/souffle-points-to-analysis

Souffle + Soot points to analysis

Primary LanguageJava

Souffle + Soot based points-to analysis

Implementation of a points to analysis based on the Pointer Analysis Tutorial by Yannis Smaragdakis and George Balatsouras. This implementations leverages Soot's Jimple intermediate representation to convert the JVM bytecode into points-to facts, and Souffle, a datalog flavour developed to rapidly prototype static analysis.

Analysis Features

Project Structure

The analysis is composed of three main parts: the translator, the points-to ruleset, and the analysis orchestrator . Each of them are described in depth below.

Translator

Since the core-analysis is based in an Andersen Points-To analysis, this is a flow-insensitive analysis. This means the order of the statements does not change the output. In our case, this means we don't need to keep track of which fact was generated first.

The translation is performed walking the statements in the control-flow graph generated for a method's body. Each statements is mapped to Souffle facts, which are described by their following Java counterparts.

The translator is implemented here.

Ruleset

This is the central part of the points-to.
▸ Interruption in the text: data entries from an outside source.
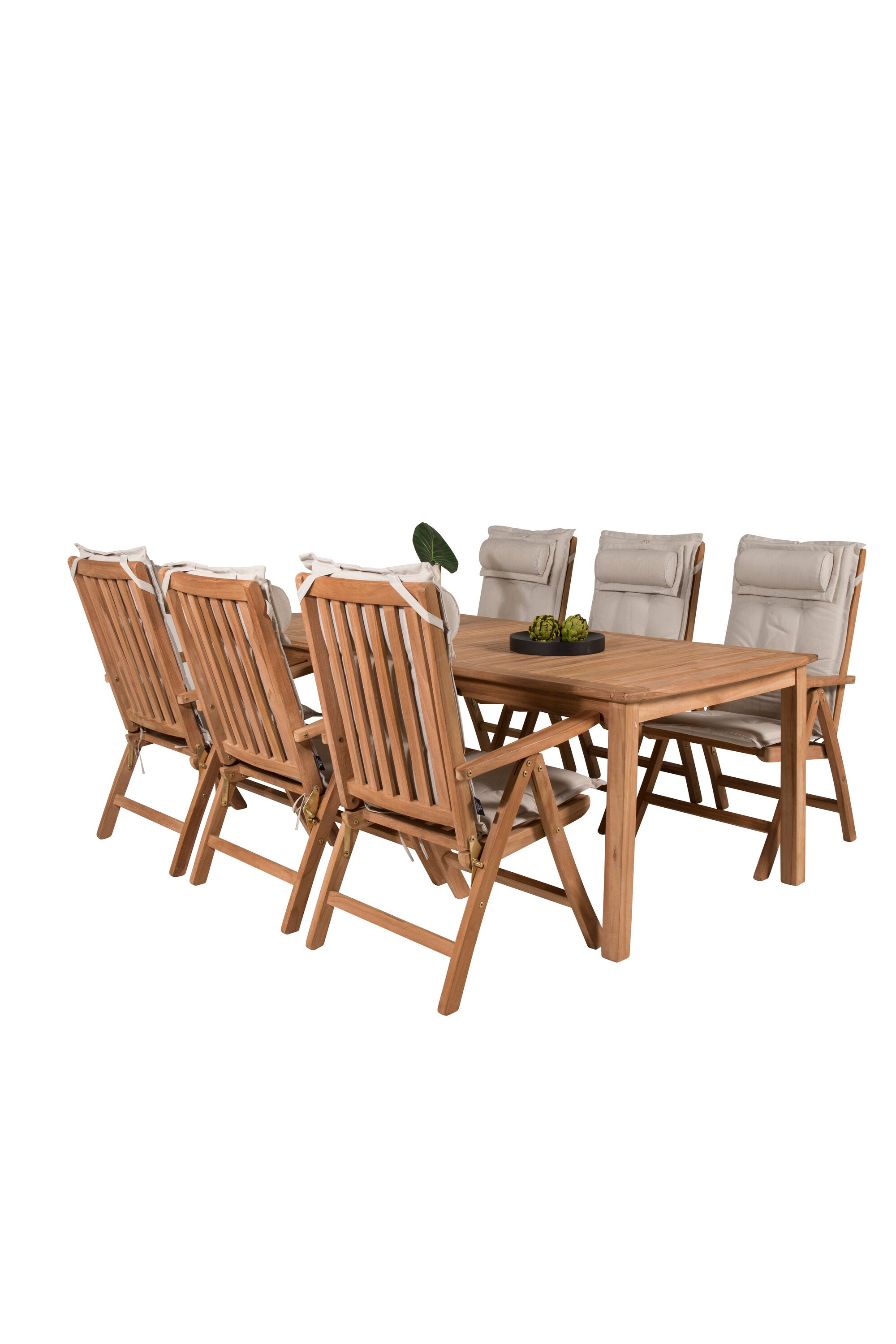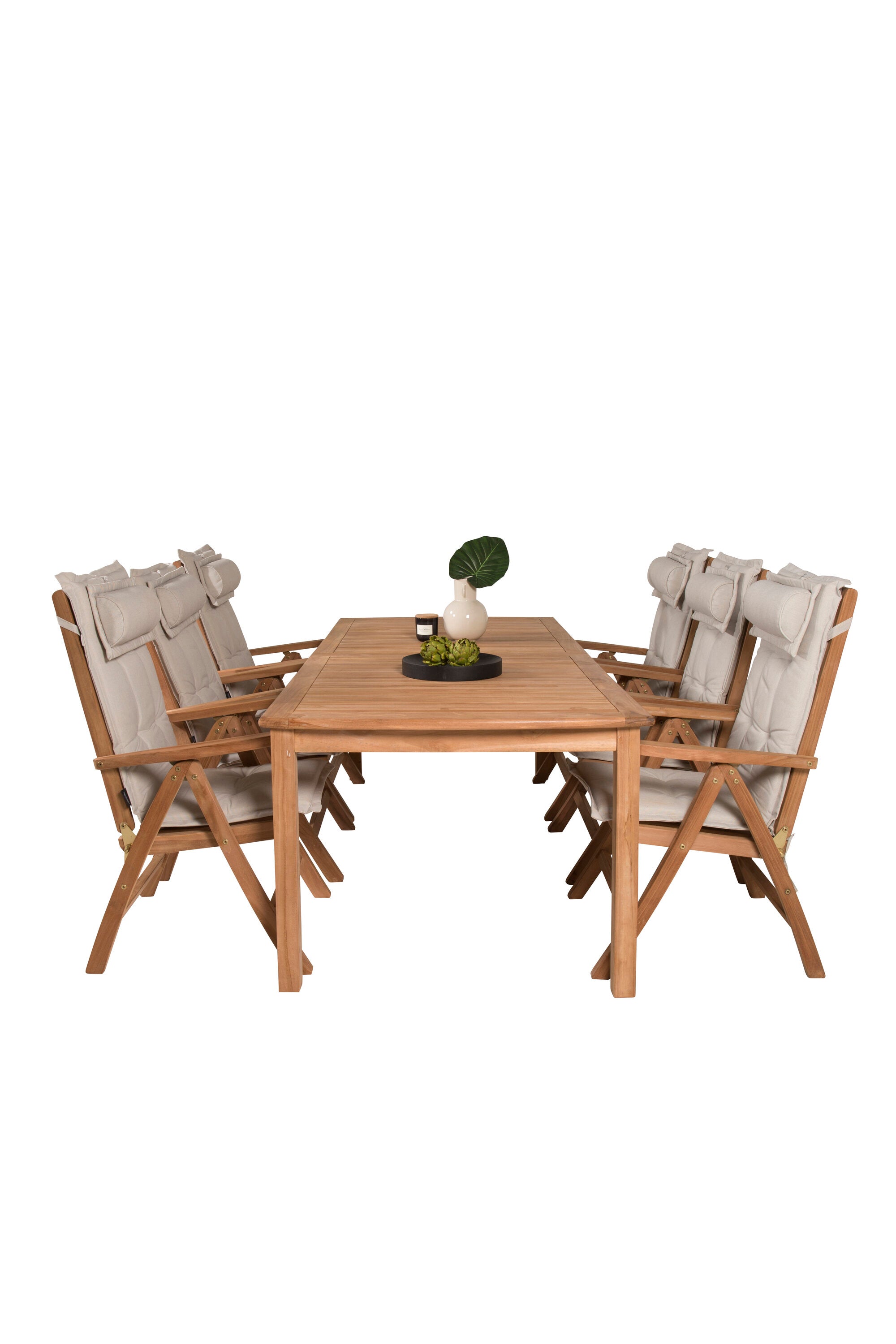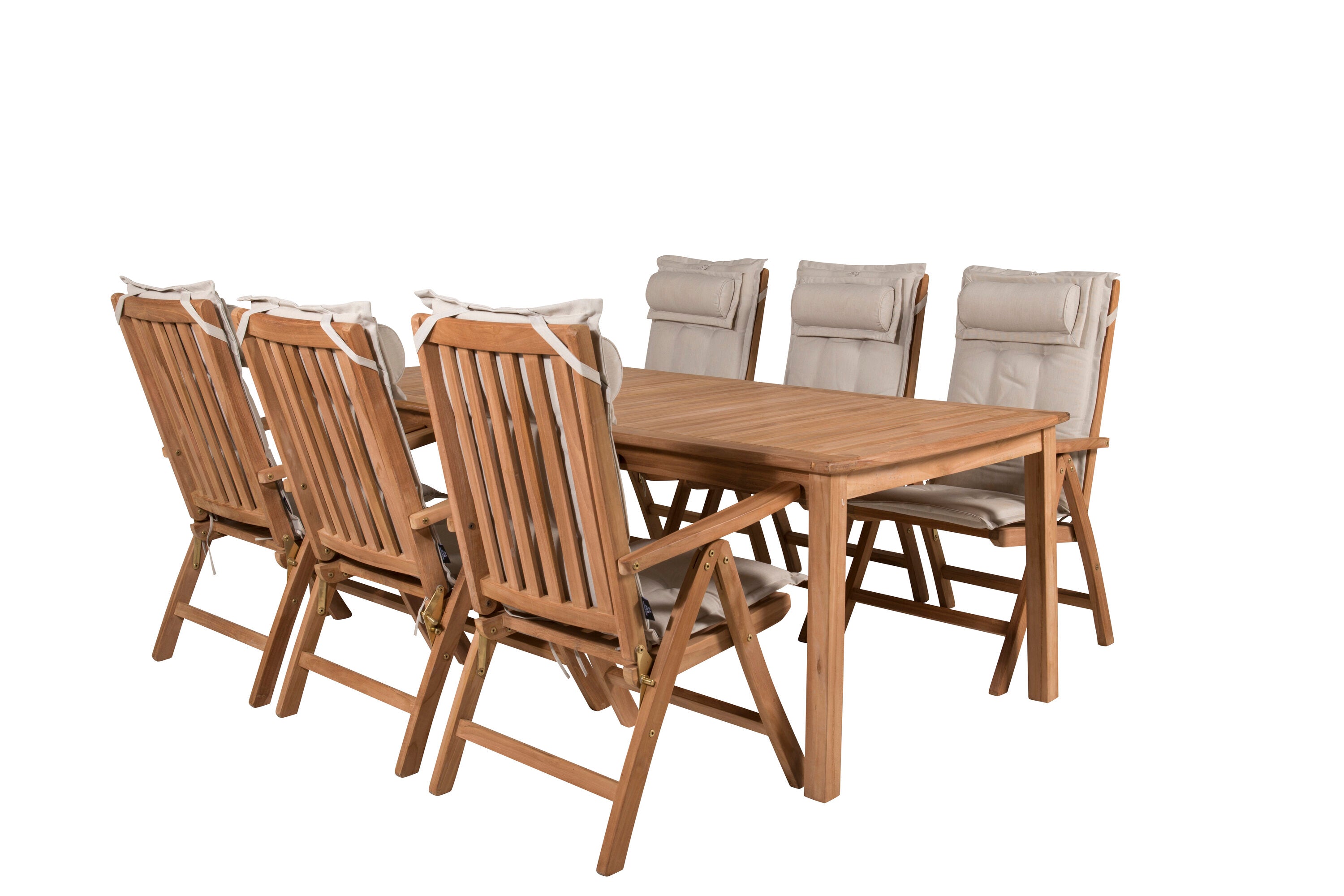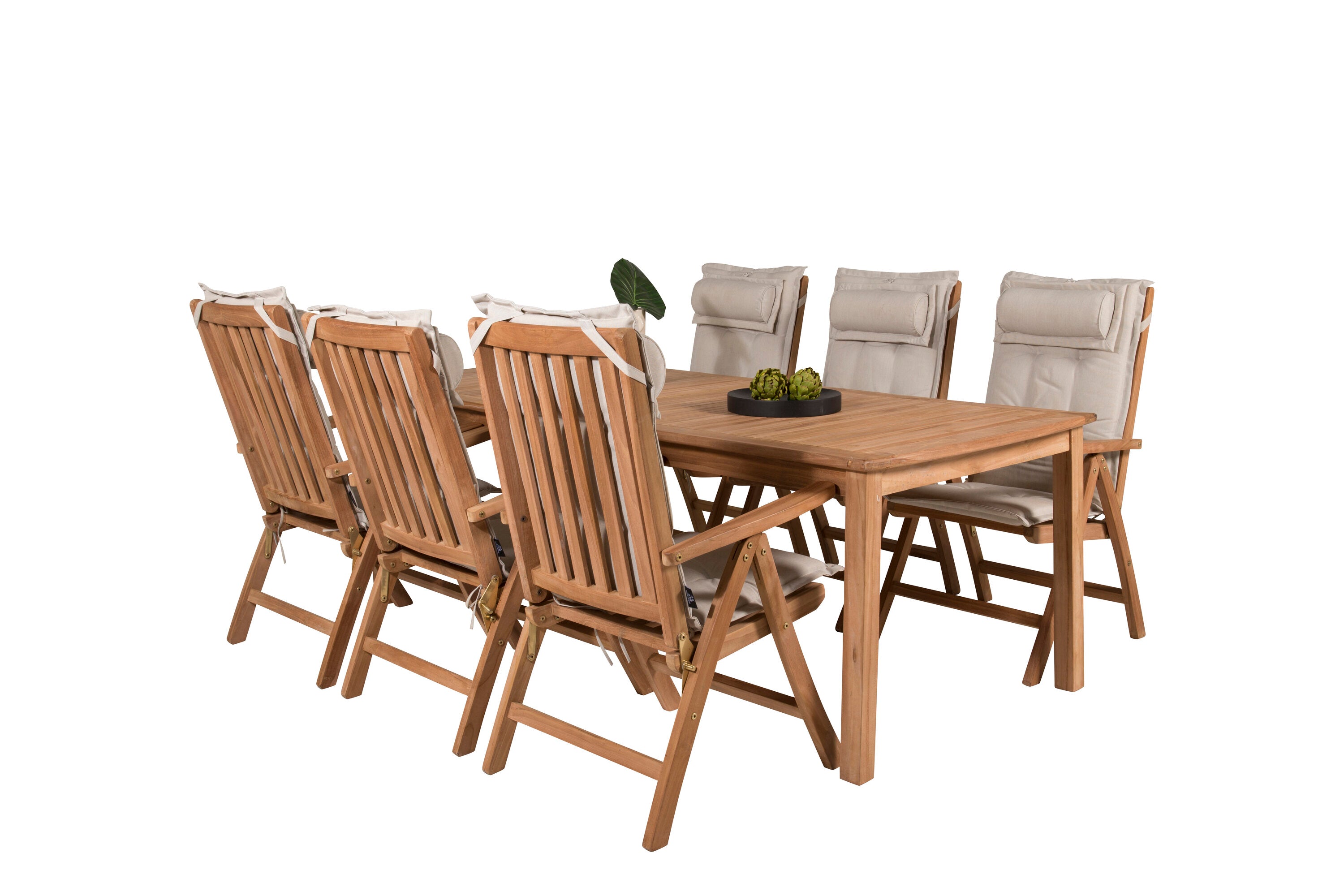 Jídelní stůl Kenya 220*100*H76 - Teak+Keňa 5-polohová skládací židle - Teak_6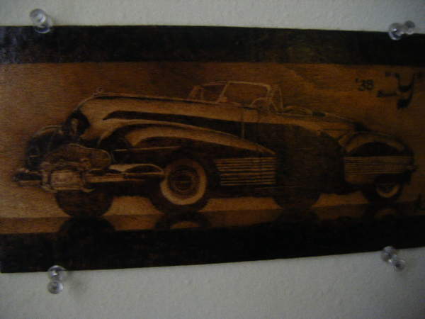 wood burning of a Buick Y (308 hits)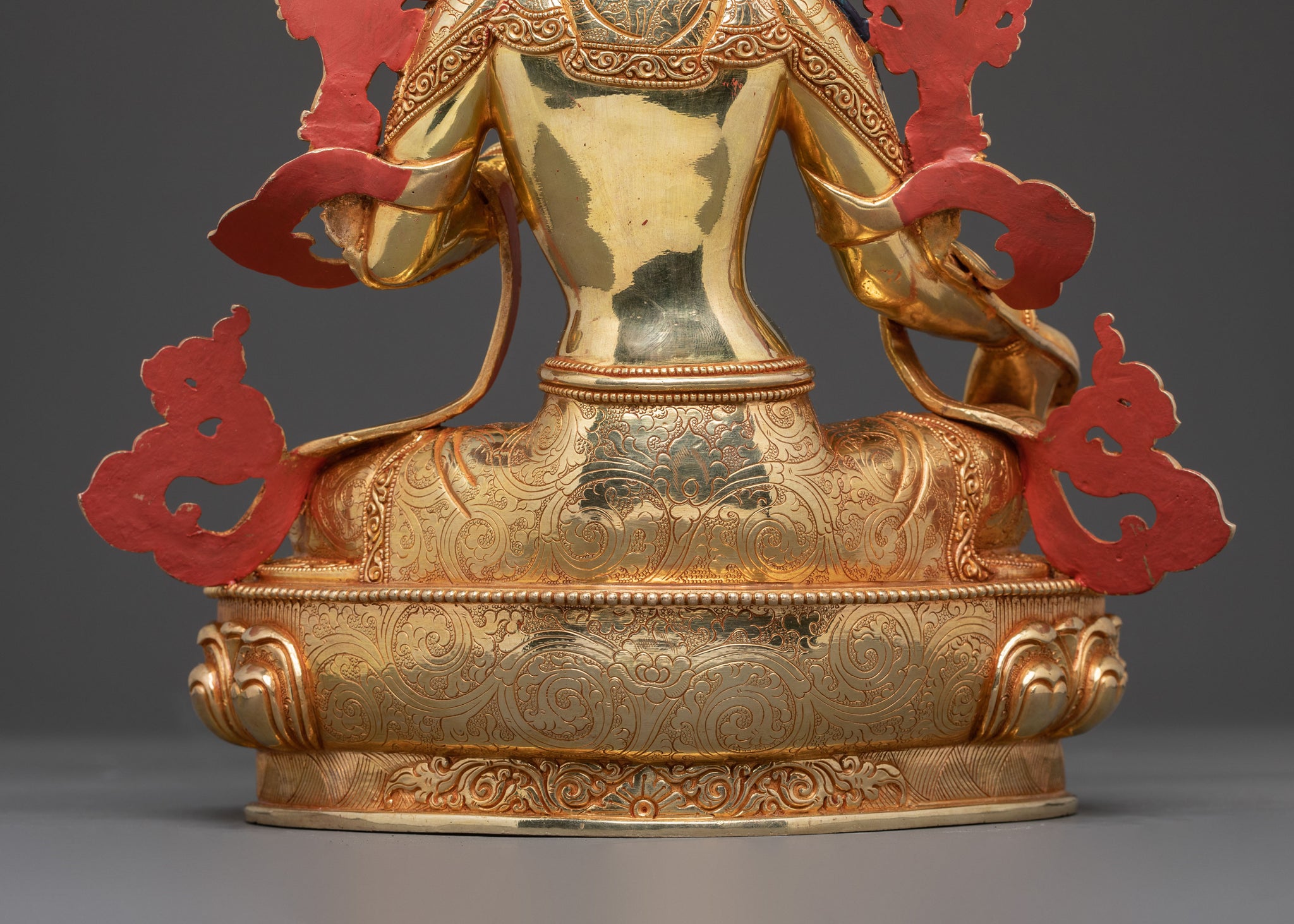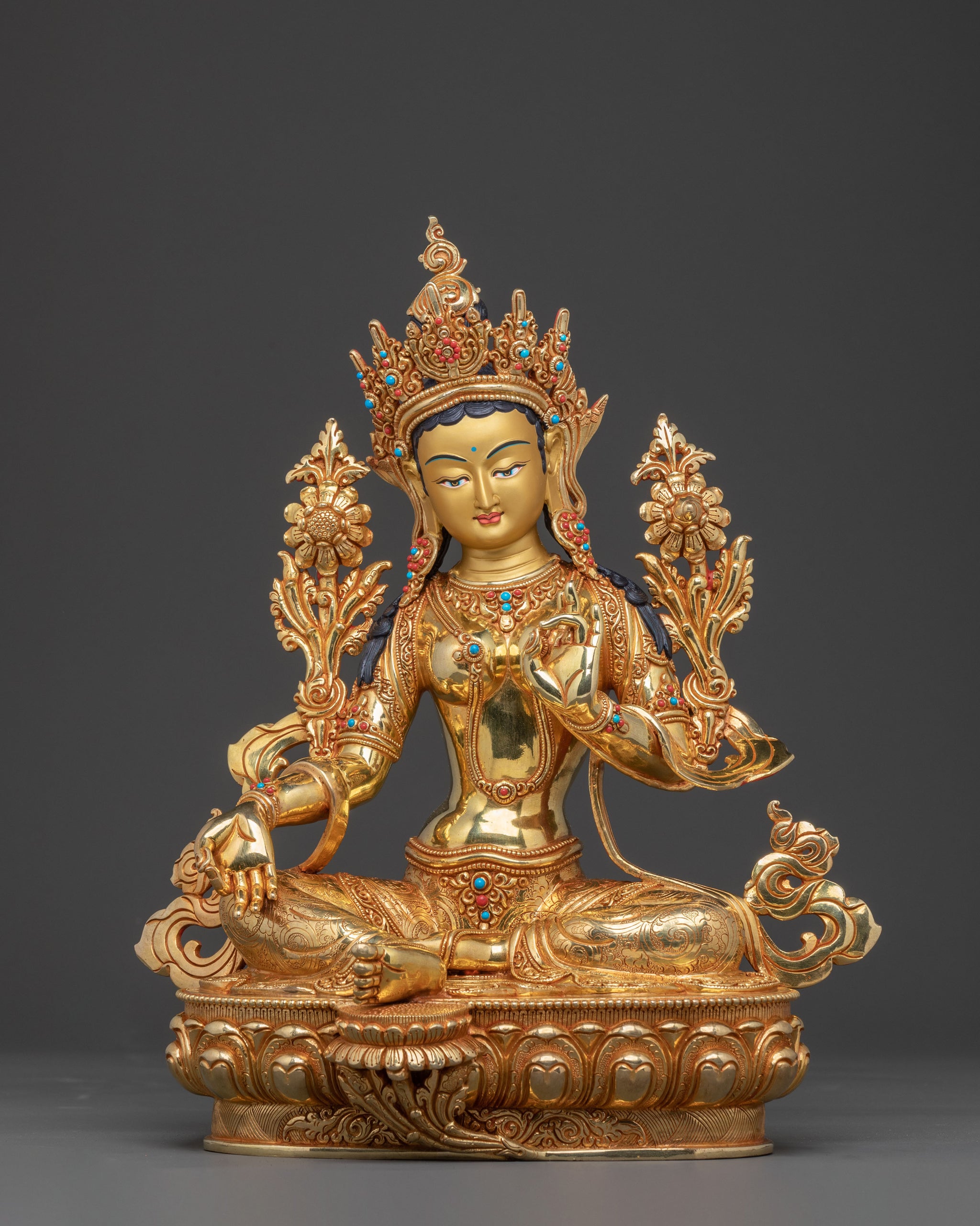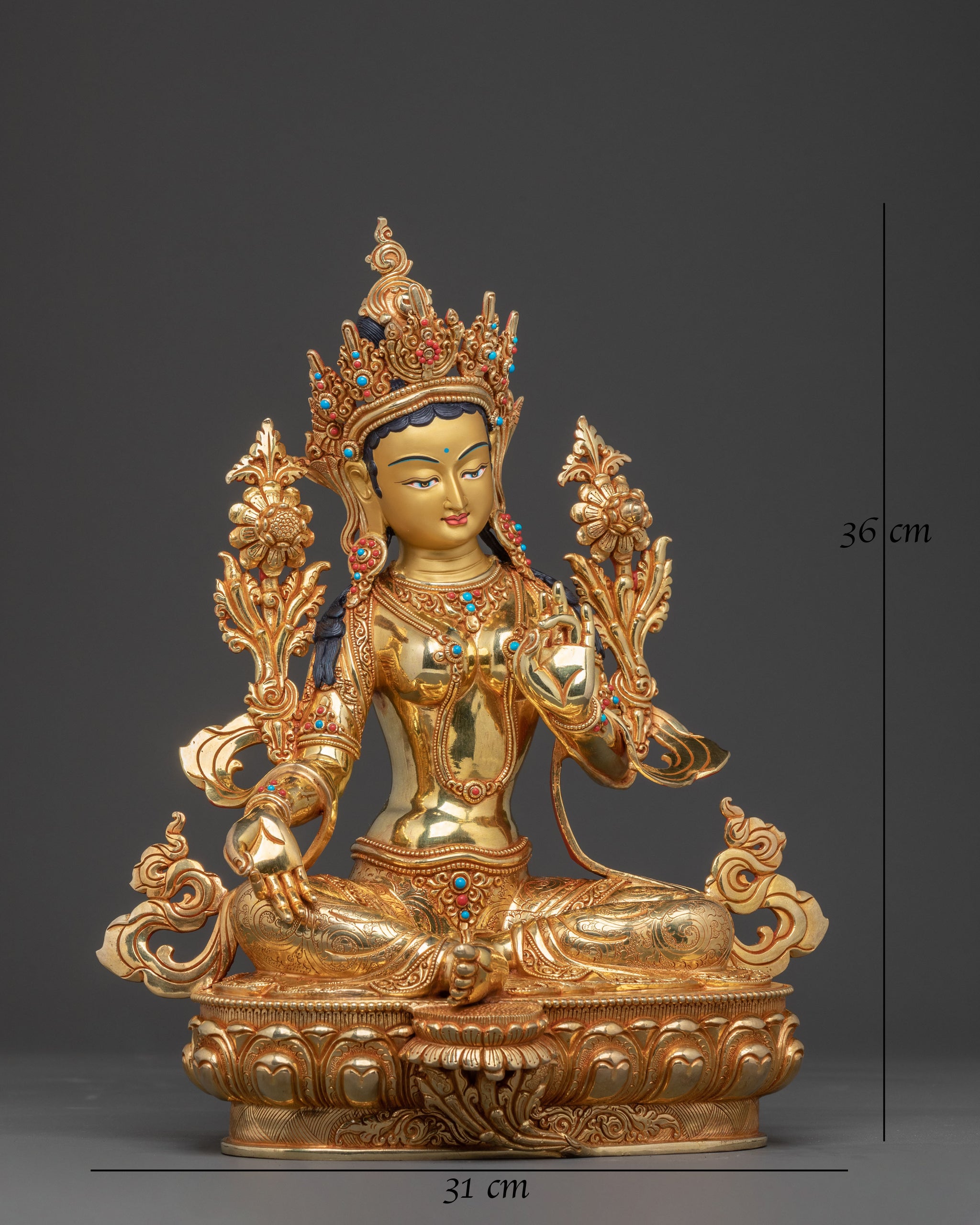 Radiating a gentle dynamism, this exquisite Green Tara Mercy Statue captures the essence of enlightened activity. Standing 14.17 inches (36cm) tall on a base of 12.20 inches (31cm), this handcrafted Buddhist art piece offers a tangible presence of compassion. Its copper body, meticulously crafted and adorned, is covered with a triple layer of 24K gold gilding and carved with deeply engraved carvings that produce a magnificent 3D-like effect. This statue promises to bring serene spiritual decor to any sacred space.
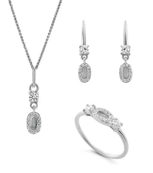 Orphelia® 'Lily' Women's Sterling Silver Set: Necklace + Earrings + Ring - Silver SET-7582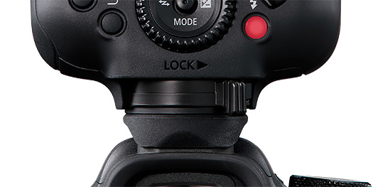 插腳的鎖定結構加入了橡膠防塵防水滴轉接器。 當鎖定插腳時,轉接器會下降並壓向相機的多功能靴,提供更佳的防塵防水滴效能。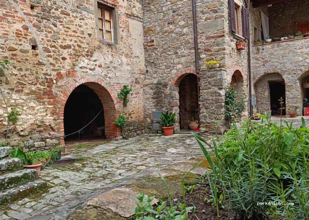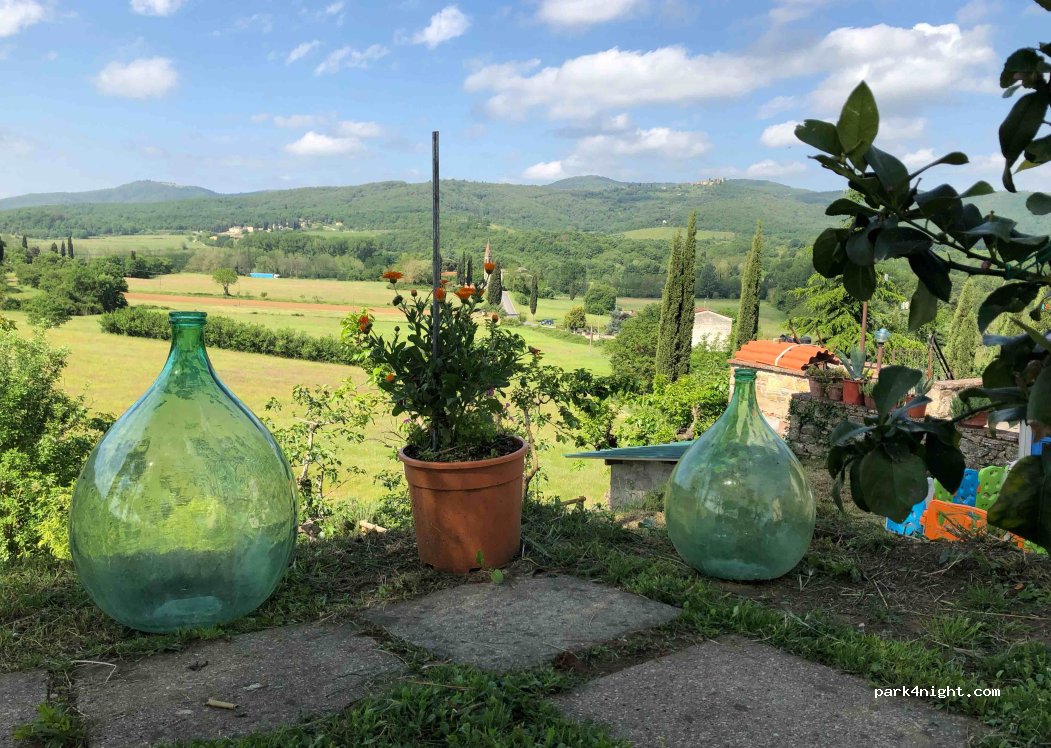 Aire de stationnement privé avec une belle vue sur le Val d’Ambra . Endroit calme et sécurisé sur les ruines d’un ancien château. Entre Florence et Sienne c’est un beau point de départ pour découvrir la Toscane. À proximité des sources d’eau chaude . Au plaisir de vous accueillir chez nous.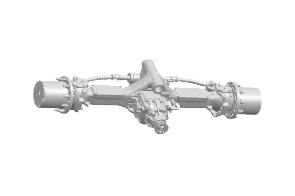 該橋設(shè)計濕式制動和輪邊減速,封閉式濕式制動系統(tǒng)做到了防火防爆,可滿足封閉空間和井下施工。輪邊減速設(shè)計要求力矩均衡,從而增強了每一個部件承載能力,大大提高整體使用壽命。

The core-analysis is implemented on top of Souffle framework, hence the ruleset is written as datalog's logic rules. They are described in here.

The implementations is based in the first iteration of the tutorial mentioned above, but was tuned to handle some additional Java and Soot specifics, like static method calls and body-less methods.

Orchestrator

The analysis pipeline can be decomposed in several stages:

  1. Extract the points-to facts from the Jimple IR (which is our version of the Java code).
  2. Generate Souffle fact files to be consumed by the core-analysis.
  3. Run the core-analysis.
  4. Parse the output generated and convert that into a results object, to be queried by the user.

This is implemented here

Missing method body calls

By default, Soot doesn't generate a Jimple body for certain classes (for example JVM base classes, eg. java.lang.String). To cope with this, the analysis uses the signature of the called method, and fakes a method body which does the following:

  1. Allocates a new object of the type returned by the method
  2. Returns it

By doing this, the analysis considers this call as an actual method invocation, returning the newly (but fake) allocated heap object.

Soot can be configured to generate Jimple bodies for all JVM libraries (read all contained in rt.jar), but this creates some challenges when implementing both the Jimple -> Souffle Fact translation, and the underlying points-to rules. Some of them are:

  • Multiple language features have to be handled to have a loss-less translation between Jimple and the points-to input facts. This kind of challenges are explored in depth here.
  • This additional features are reflected in the implementation of the analysis itself. In the Smaragdakis-Balatsouras tutorial mentioned above, a simplification of a program model is used, which supports a limited number of features . To be able to handle real implementations (like Java Runtime libraries), a number of other things which have impact in the points-to graph generated have be supported (arrays, a complex inheritance model, etc).